(YOUR TASK)
Starting with the line below that holds "Fig 19-Na montanha" and stopping after the line that holds "Break free of", transcribe the lines exactly, leaving out all pictures.

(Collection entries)
☆ ☆ ☆ ☆ ☆
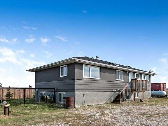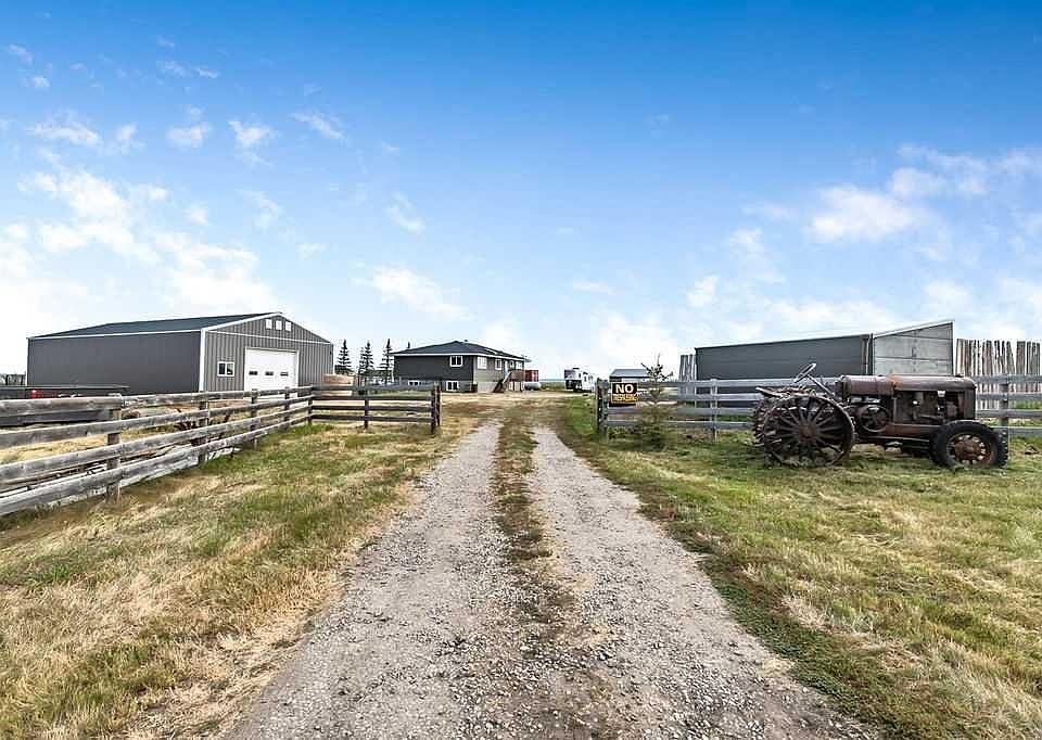 This TERRIFIC 7 acre property only 10 minutes South of Strathmore, has everything for your country living enjoyment!! A fully renovated and fully developed 1206ft2 bungalow, newer 30'x60' fully finished heated and insulated workshop, a new 5 box stall barn 36'36', and outdoor riding arena and pasture and turnout pens for the horses!! This 4 bedroom 3 bath home has been upgraded and modernized substantially including a new kitchen,new flooring,paint,fixtures,bathrooms and utilities and offers a fully developed lower level with 9" ceilings and a large game/recreation room!! Located on a very quiet dead end road yet close to town for convenience. If you're a horse person,a mechanic or are hoping to be and want your own piece of property to enjoy the country living lifestyle then come have a look at this property today.
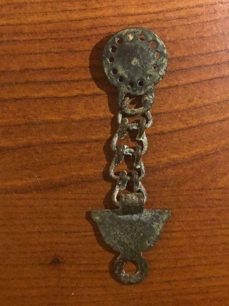 Small clasp used in hanging mechanisms for old oil lamps.
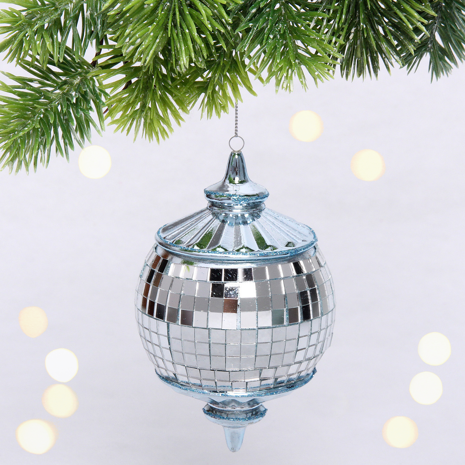 Эта уникальная елочная игрушка станет ярким акцентом вашего новогоднего декора. С ее помощью вы сможете добавить нотку веселья и уюта в ваш дом. Игрушка выполнена в форме диско-шара, что придаст вашему интерьеру оригинальность и стиль. Благодаря своему голубому цвету и зеркальной поверхности, она будет прекрасно сочетаться с другими украшениями на вашей елке.
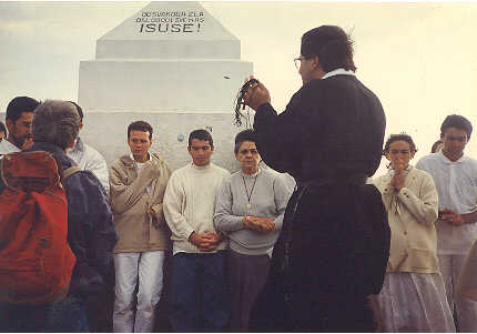 Fig 19-Na montanha da cruz em MEDJUGORJE...Pe.Gianni entrega a cruz da comunidade aos postulantes.
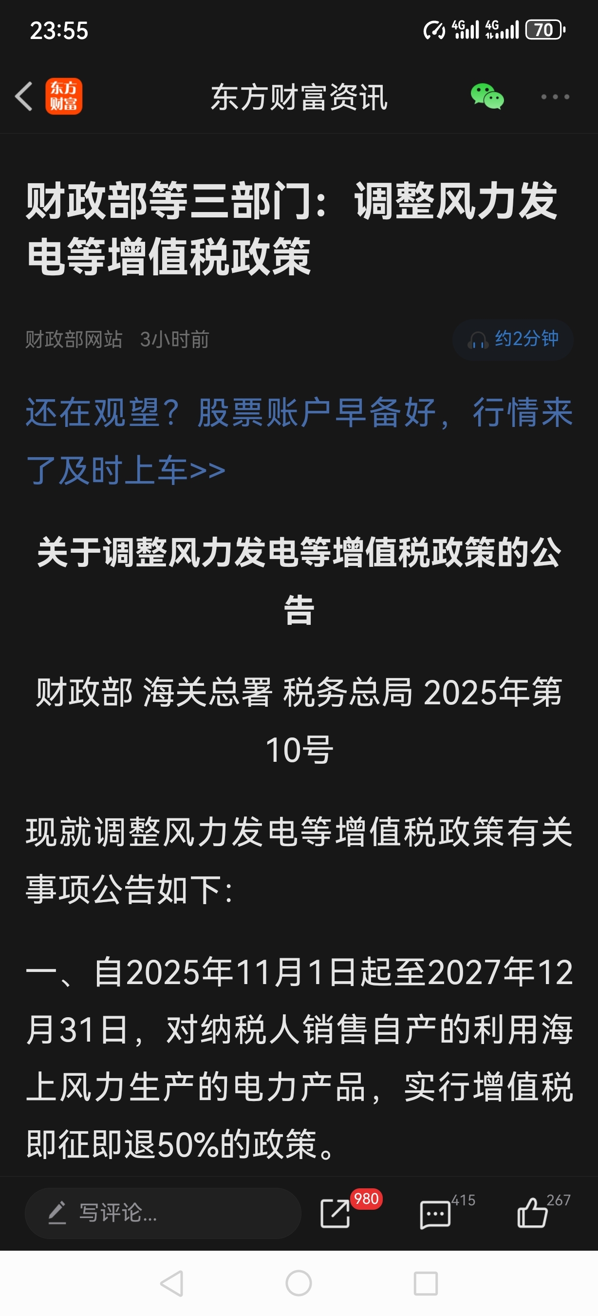$泰胜风能(SZ300129)$ 风电大利好来了。
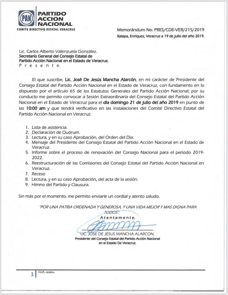 El pasado viernes 19 de julio José Mancha Alarcón emitió la convocatoria a una reunión extraordinaria del Consejo Político Estatal para el domingo 21 de junio.
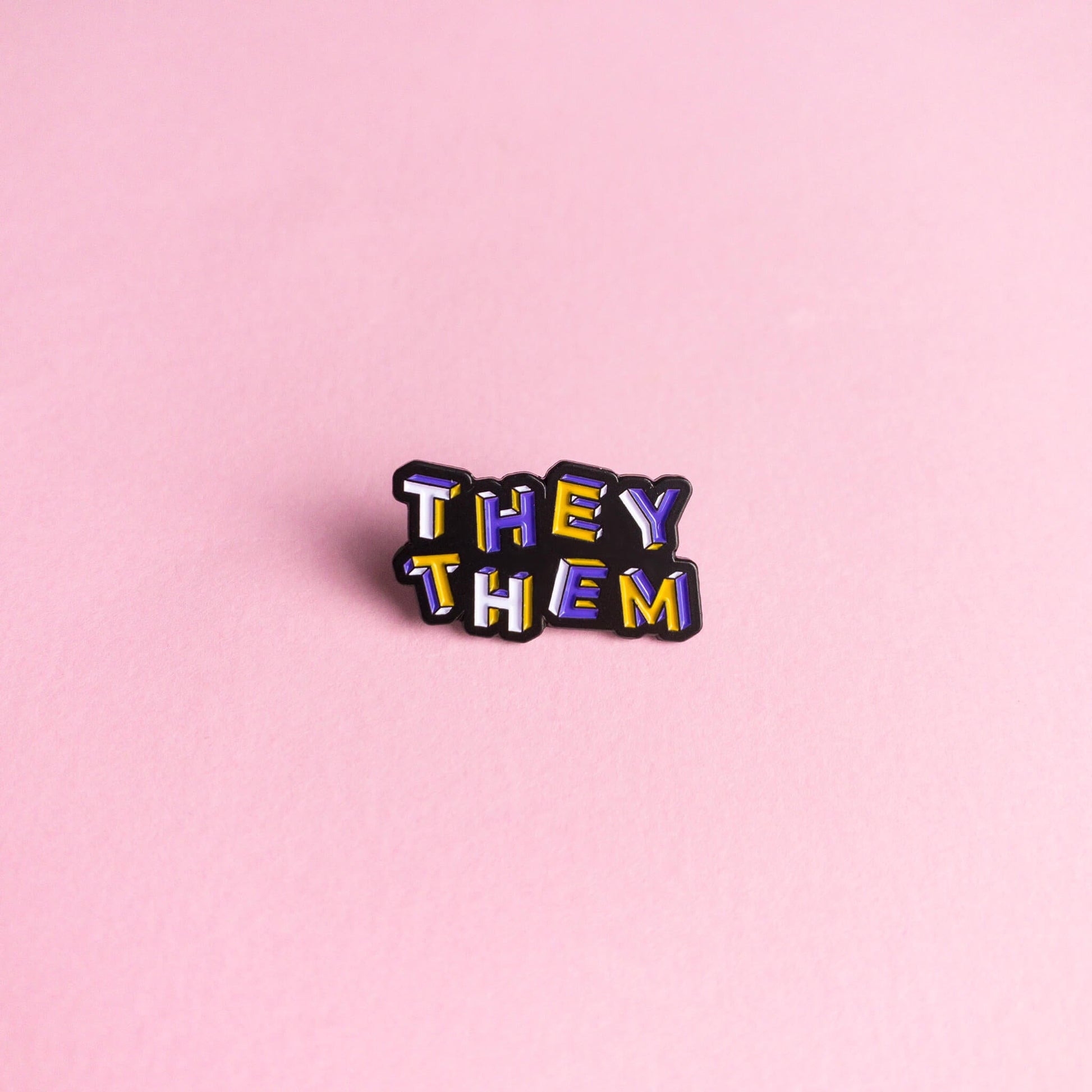 Break free of the binary and celebrate gender-neutral pronouns with this cute "They / Them" pin!
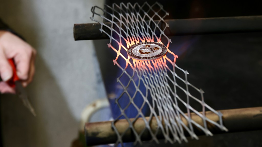 SS: Right. Ours was the finishing department, which is at the last. The first one is, you know, where the actual medals and all are designed as a design department. From there, it comes back to the press shop where the actual medals are made, a stamped and all. And then they come to our side, which is silversmiths. Silversmiths actually do the final work before it comes to the finishing. And finishing is where we do polishing, electroplating or oxidizing. That is, bronzing, silver oxidize and electro lacquering things like that. So basically, once it’s finished in our place, it goes to the production work where it’s certified and then checked and then sent away.
☆ ☆ ☆ ☆ ☆
(WORKED SOLUTION)
 Fig 19-Na montanha da cruz em MEDJUGORJE...Pe.Gianni entrega a cruz da comunidade aos postulantes.
$泰胜风能(SZ300129)$ 风电大利好来了。
 El pasado viernes 19 de julio José Mancha Alarcón emitió la convocatoria a una reunión extraordinaria del Consejo Político Estatal para el domingo 21 de junio.
 Break free of the binary and celebrate gender-neutral pronouns with this cute "They / Them" pin!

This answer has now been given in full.